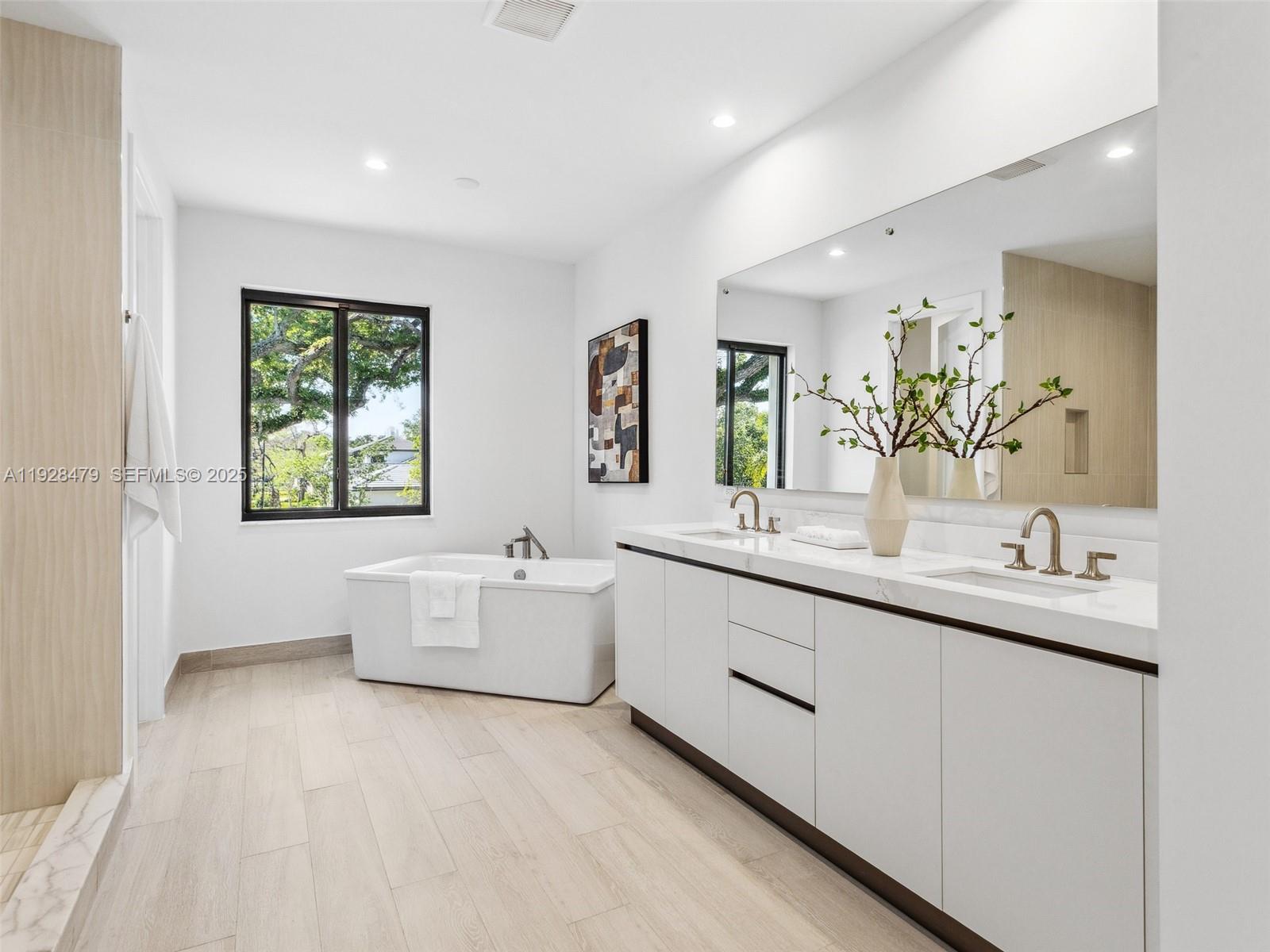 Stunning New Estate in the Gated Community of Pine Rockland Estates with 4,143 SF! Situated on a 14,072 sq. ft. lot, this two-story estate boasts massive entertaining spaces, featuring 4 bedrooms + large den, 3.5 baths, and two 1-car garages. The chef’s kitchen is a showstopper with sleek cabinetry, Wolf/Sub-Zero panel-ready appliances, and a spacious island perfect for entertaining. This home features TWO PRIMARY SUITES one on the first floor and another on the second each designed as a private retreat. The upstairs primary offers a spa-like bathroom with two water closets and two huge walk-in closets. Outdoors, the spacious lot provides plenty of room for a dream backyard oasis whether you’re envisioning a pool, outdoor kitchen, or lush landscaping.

═══

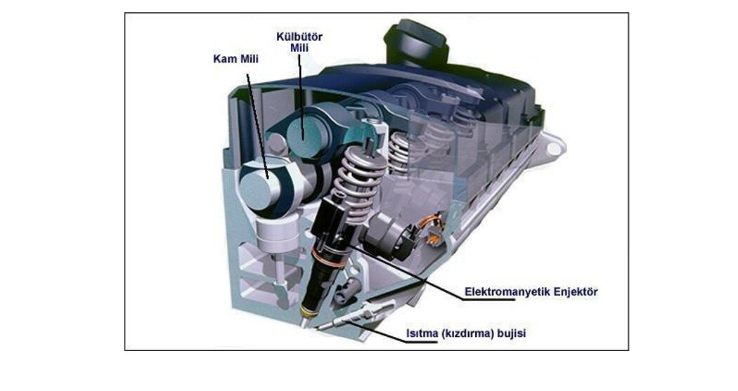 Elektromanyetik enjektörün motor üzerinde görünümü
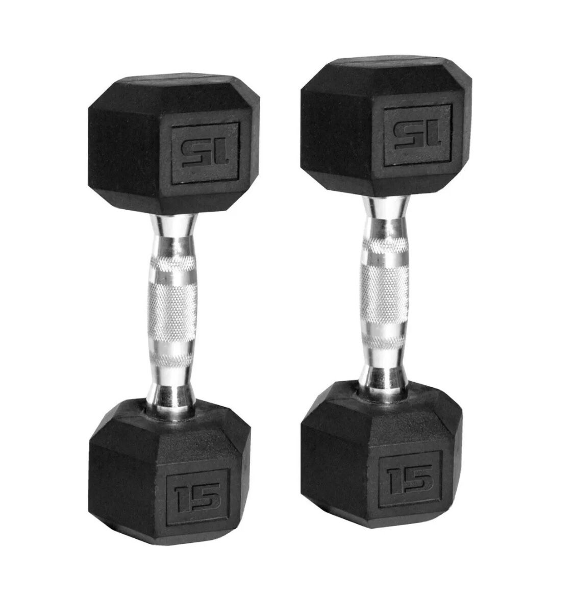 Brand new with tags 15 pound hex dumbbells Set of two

═══

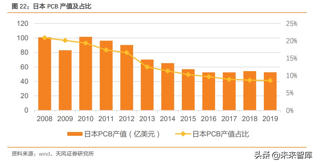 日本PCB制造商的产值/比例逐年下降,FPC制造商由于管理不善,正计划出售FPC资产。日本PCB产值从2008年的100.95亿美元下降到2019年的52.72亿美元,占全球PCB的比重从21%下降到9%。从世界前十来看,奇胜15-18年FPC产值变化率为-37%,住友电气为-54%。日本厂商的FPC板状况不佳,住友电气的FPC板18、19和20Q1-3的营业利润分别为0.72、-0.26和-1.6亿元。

═══

ABOUT THIS TASK:
Using the data above, copy exactly the lines from the one containing "Elektromanyetik enjektörün motor" to the one containing "Brand new with", inclusive. Exclude the pictures.

TASK ANSWER:
 Elektromanyetik enjektörün motor üzerinde görünümü
 Brand new with tags 15 pound hex dumbbells Set of two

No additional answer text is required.